While some people say that this “internal aggression” is a fallout of the covid lockdown, it is not the prerogative of consumers to publish profanities by means of social media. However, this phenomenon is not recent. Released in the 1900s, Dev Anand’s “Guide” and Shashi Kapur’s “Siddhartha” have majestic tangents which can be studied in detail to understand the development of sub-cultures, acculturation, and most importantly, cancel culture (even before it was a thing). “Guide” witnessed several protests because it showcased the infidelity of a woman, leading to a delay in the release of the movie. “Siddhartha” on the other hand, showcased Simi Grewal nude, creating contention among the audience absolutely instantly. This culture of cancellation has grown to be likened to quicksand; it spares absolutely no one and only the very skilled can escape it. As responsible social media users, the onus lies on each one of us to be mindful of the kind of content we post, repost, and share, and the language our content carries.

Conclusion

The “woke culture” was a wave everyone succinctly surfed on for quite a while, and while it was in vogue a little while ago it has given way globally to the cancel culture. The initial focus of this woke culture and cancel culture was to create awareness or bring about radical justice by means of controlling and regulating the consumption of content produced by A-list celebrities. For example, when Rihanna came forward with evidence of abuse at the behest of rapper Chris Rock, social media was quick to react by way of unfollowing Rock, boycotting his concerts, and ceasing to buy his records. However, this culture has since morphed into penalizing celebrities if their choices of movies, lifestyle, and even wardrobe are different from what an individual considers “moral” or “decent”. 

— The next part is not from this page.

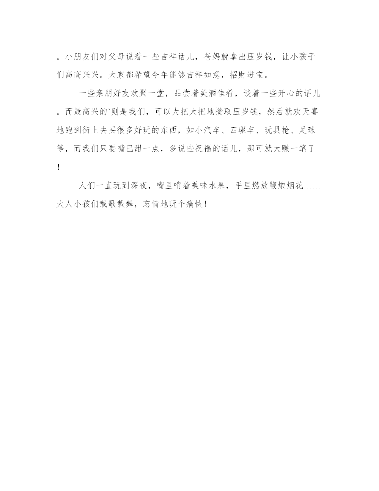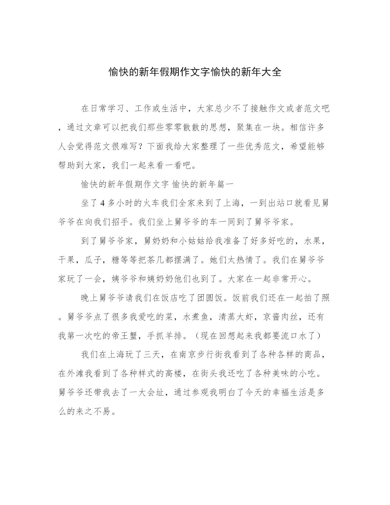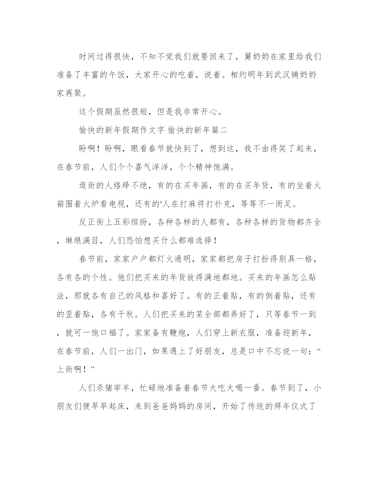 愉快的新年假期作文字愉快的新年大全在日常学习、工作或生活中,大家总少不了接触作文或者范文吧,通过文章可以把我们那些零零散散的思想,聚集在一块。相信许多人会觉得范文很难写?下面我给大家整理了一些优秀范文,希望能够帮助到大家,我们一起来看一看吧。愉快的新年假期作文字愉快的新年篇一坐了4多小时的火车我们全家来到了上海,一到出站口就看见舅爷爷在向我们招手。我们坐上舅爷爷的车一同到了舅爷爷家。到了舅爷爷家,舅奶奶和小姑姑给我准备了好多好吃的,水果,干果,瓜子,糖等等把茶几都摆满了。她们太热情了。我们在舅爷爷家玩了一会,姨爷爷和姨奶奶他们也到了。大家在一起非常开心。晚上舅爷爷请我们在饭店吃了团圆饭。饭前我们还在一起拍了照。舅爷爷点了很多我爱吃的菜,水煮鱼,清蒸大虾,京酱肉丝,还有我第一次吃的帝王蟹,手抓羊排。(现在回想起来我都要流口水了)我们在上海玩了三天,在南京步行街我看到了各种各样的商品,在外滩我看到了各种样式的高楼,在街头我还吃了各种美味的小吃。舅爷爷还带我去了一大会址,通过参观我明白了今天的幸福生活是多么的来之不易。时间过得很快,不知不觉我们就要回来了,舅奶奶在家里给我们准备了丰富的午饭,大家开心的吃着,说着。相约明年到武汉姨奶奶家再聚。这个假期虽然很短,但是我非常开心。愉快的新年假期作文字愉快的新年篇二盼啊!盼啊,眼看春节就快到了,想到这,我不由得笑了起来,在春节前,人们个个喜气洋洋,个个精神饱满。逛街的人络绎不绝,有的在买年画,有的在买年货,有的坐着火箱围着火炉看电视,还有的'人在打麻将打扑克,等等不一而足。反正街上五彩缤纷,各种各样的人都有,各种各样的货物都齐全,琳琅满目,人们恐怕想买什么都难选择!春节前,家家户户都灯火通明,家家都把房子打扮得别具一格,各有各的个性。他们把买来的年货放得满地都地。买来的年画怎么贴法,那就各有自己的风格和喜好了。有的正着贴,有的倒着贴,还有的歪着贴,各有千秋。人们把买来的菜全部都弄好了,只等春节一到,就可一饱口福了。家家备有鞭炮,人们穿上新衣服,准备迎新年,在春节前,人们一出门,如果遇上了好朋友,总是口中不忘说一句:“上街啊!”人们杀猪宰羊,忙碌地准备着春节大吃大喝一番。春节到了,小朋友们便早早起床,来到爸爸妈妈的房间,开始了传统的拜年仪式了。小朋友们对父母说着一些吉祥话儿,爸妈就拿出压岁钱,让小孩子们高高兴兴。大家都希望今年能够吉祥如意,招财进宝。一些亲朋好友欢聚一堂,品尝着美酒佳肴,谈着一些开心的话儿。而最高兴的`则是我们,可以大把大把地攒取压岁钱,然后就欢天喜地跑到街上去买很多好玩的东西,如小汽车、四驱车、玩具枪、足球等,而我们只要嘴巴甜一点,多说些祝福的话儿,那可就大赚一笔了!人们一直玩到深夜,嘴里啃着美味水果,手里燃放鞭炮烟花……大人小孩们载歌载舞,忘情地玩个痛快!

 It is hypocritical for us to blame Bollywood for producing and reproducing the same scripts with the same hybrid genres, showcasing absolutely no trace of originality: when as the audience, we put the movie agents in fear for their careers after any ever-so-slightly different project is made available. Debate, discourse, and regulation of this “culture” is the only way an industry, which thrives on its creativity can truly succeed without having to walk on eggshells. This will also go a long way in ensuring that we showcase the diversity we harbor in real, just as harmoniously via reel.